There weren't even any safety railings there (I googled a picture of it)
Now, despite the fact he has never taken a karate class in his life, he apparently wants to enter some national competition.
Should I put my foot down & tell him he can't go?

pointythings · 16/08/2013 18:24

Woodhead I suggest you keep making the big guy cups of tea and kind of work around him - he isn't going to go away.
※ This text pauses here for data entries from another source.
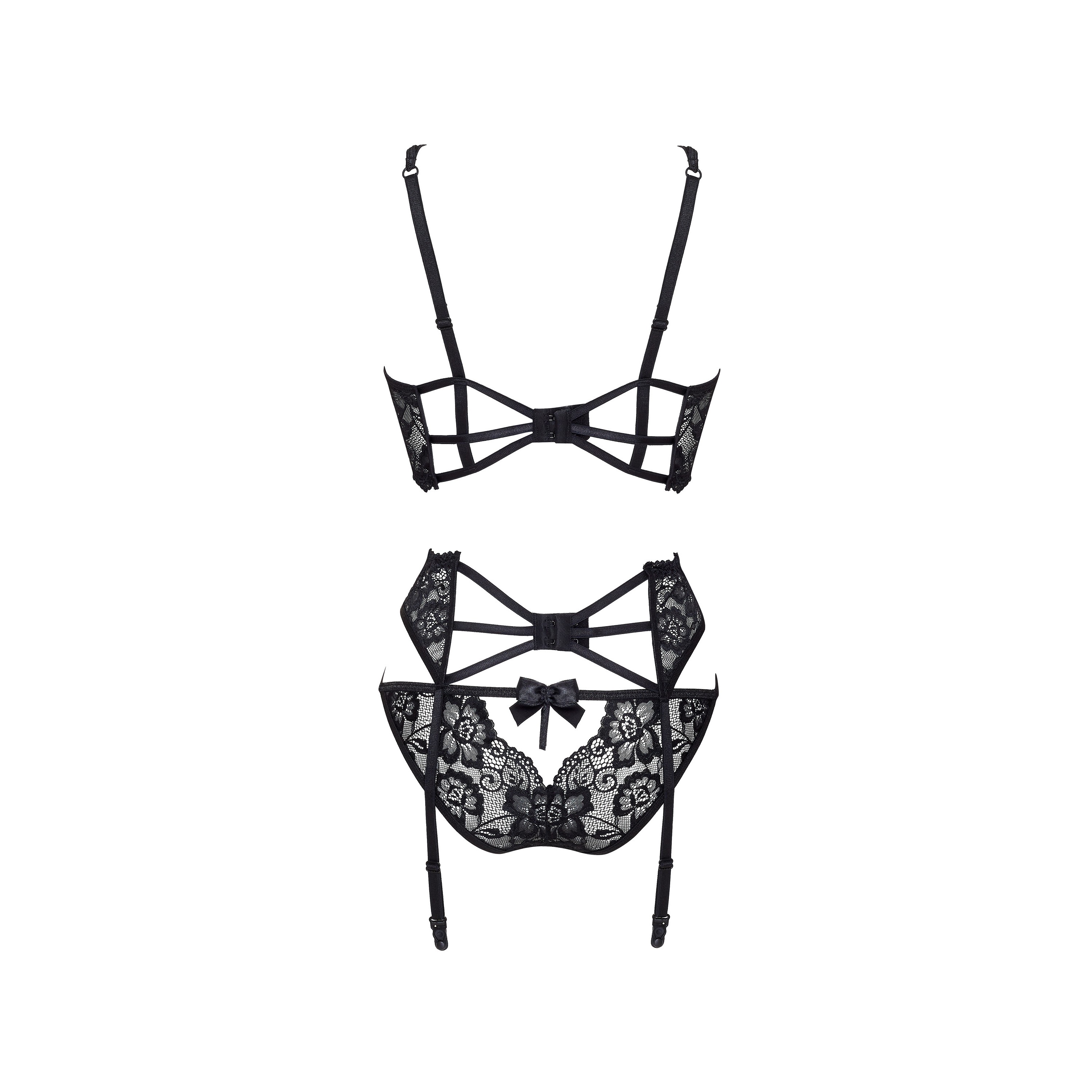 Sensuale set di lingerie a tre pezzi. Il reggiseno in splendido pizzo floreale ed elastico mette in risalto il seno grazie ai ferretti, mentre il delicato pizzo aggiunge un aspetto romantico.
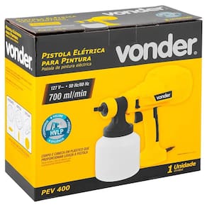 Características: Marca: Vonder Modelo: PEV400 Tipo: Elétrica Capacidade do reservatório: 800ml Material da máquina: Plástico Material da caneca: Plástico Material da agulha: Plástico Diâmetro: 2,6 mm Vazão de tinta: 700 ml/minuto Comprimento do cordão elétrico: 2,00 m Tipo de jato de tinta: vertical, horizontal e circular Frequência: 50 Hz / 60 Hz Indicado para: Tintas Chave de ajuste do volume de tinta: Sim Sistema HVLP (alto volume e baixa pressão): Sim
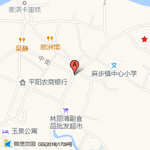 珊冬杂粮煎饼位于麻步镇玉泉路61号(平阳农商银行(广源分理处))农村商业银行西方向222.483米的位置。
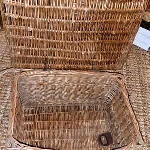 This large woven willow beauty is not quite perfect, the lid has/ had a short leather strap that attached to the original small metal toggle on the front acting as a lock, but the small leather strap broke. It's no problem, as the lid of the basket does not open when the handles are up in carry mode, so the small leather strap was an extra lock, & can easily be replaced.
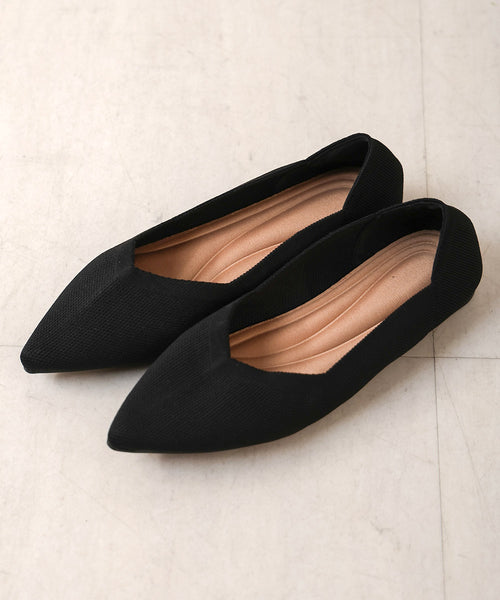 定番のフィットパンプスをブラッシュアップ!! 人気のニットパンプスです。ニット素材になるので、収縮もあり履いた方の足に馴染む素材です。 今回は、ポインテッドトゥの中に柔らかい芯が入りました。芯が入ることで形状を維持でき、強度も増し丈夫になっております。
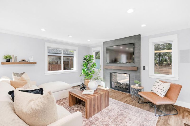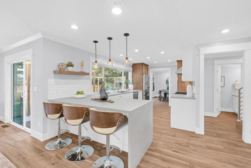 Impeccably renovated home designed for effortless entertaining and everyday comfort. This 5-bedroom home includes a convenient main-level bedroom, 2.5 bathrooms, expanded by 150 sq ft, the home offers over 2,212 sq ft of living space, highlighted by a spacious family room with a bar area and a stunning see through fireplace that opens to the serene backyard. The spacious family room features a bar area and a striking see-through fireplace that opens to the serene backyard. The living room offers a bay window overlooking the front patio, while the formal dining area connects seamlessly to outdoor seating through French doors. The kitchen showcases quartzite countertops, Thermador and Samsung appliances, pot filler, hood range, and modern cabinetry. Andersen French doors and Milgard sliding doors create seamless indoor-outdoor flow to a lush backyard with mature trees and a picturesque creek setting. The backyard includes an outdoor BBQ kitchen, refrigerator, pool table, saltwater hot tub, TV, and Sonos speakers. Additional highlights include dual-pane windows, custom tile flooring, remodeled bathrooms, crown molding, updated carpet and paint, epoxy garage with built-ins, tankless water heater, new landscaping with lighting, two storage sheds, and central AC and heating.
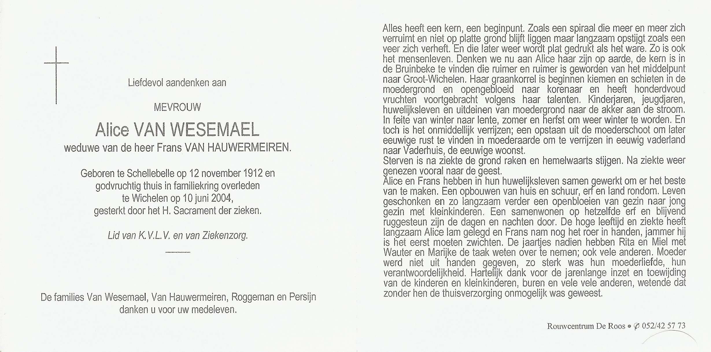 | Alice Palmyre Van Wesemael | 12 november 1912 | 113 | Schellebelle | 1 | 10 juni 2004 | 21 | 91 | Wichelen | 13 mei 2010 - 09:30:00 | F | YES | Y100 | ||||

I understand you wanting to stand your ground though, and the thing is - if you give in, there'll be more like his boss wanting words and you'll never get any work done...

hardtostayfocused · 16/08/2013 18:42

I am delirious with joy over this thread. Would anybody else like to join me in a Diana Wynne Jones -cult- club - we could educate the world about her greatness!

pointythings · 16/08/2013 19:09

hardtostayfocused I'm in. We can be a proper MN quiche! Grin

hardtostayfocused · 16/08/2013 20:10

Ooh yes, let's be a quiche !!? Confused Grin

I've started a thread here

twistedtoffee · 17/08/2013 11:59

I am frantic with worry about my DD who seems to have joined a strange cult. She has been attending this boarding school near the Alps and seemed very happy there and had a nice bunch of friends. However, she has now announced that she wants to get engaged to some doctor who works at a sanatorium attached to the school. She's only 17 and we don't even know this guy. Apparently he put his eye on her years ago and has been waiting until she was in the sixth form to pop the question. He sounds like a right perv.
We have tried to reason with her but she is adamant and insists that 'loads of girls in her form' are also planning to marry doctors from this San as soon as they leave school. It is definitely some kind of cult.

DH has contacted Interpol, the Medical Council and the Ministry of Education to try and find out what's going on. Apparently they have had their suspicions about this school/san set up for years but can't get anything definite on them. Anytime the net begins to close they just up sticks and move to a different part of Europe. The doctor who founded the San and the woman who founded the school are married to each other and high tailed it to Australia years ago. But the wife's sister remains close to the school and befriends individual pupils. She targets ones who have no parents or are in dysfunctional situations as there's less likely to be concerned relatives around asking awkward questions. The idea seems to be that these innocent young girls will be brainswashed into having massive families and sending all their daughters to the school to keep it in profit despite it's poor OFSTED showing.

Come to think of it, when DH was missing during an Arctic expedition a couple of years ago DD kept talking about this nice English lady who kept asking her to tea and encouraging her to talk about her problems. Obviously grooming her for some creepy doctor Sad.

I don't know what to do. I could kill mum's friend Mary Lou for recommending the bloody school in the first place Angry

Summerblaze · 17/08/2013 14:54

WIBU to dump my DD (6months) on her biological dad and his 2 housemates.

I mean, come on, one of them is an Architect. Its not like they are going to be involved with drugs or anything.

Panzee · 17/08/2013 15:18

Summerblaze, YANBU. I hear the architect is quite cute, maybe,that'll help your chances.

BlazinStoke · 17/08/2013 15:39

This reply has been deleted

Message withdrawn at poster's request.

movingonandup · 17/08/2013 16:04

This reply has been deleted

Message withdrawn at poster's request.

x2boys · 17/08/2013 20:11

aibu to stop my kids going in the magic wood and climbing a huge tree they call the faraway tree making friends with a strange thing with a huge round face and a fairy they say there is a different magic land at the top of the tree that they climb through a cloud to get too?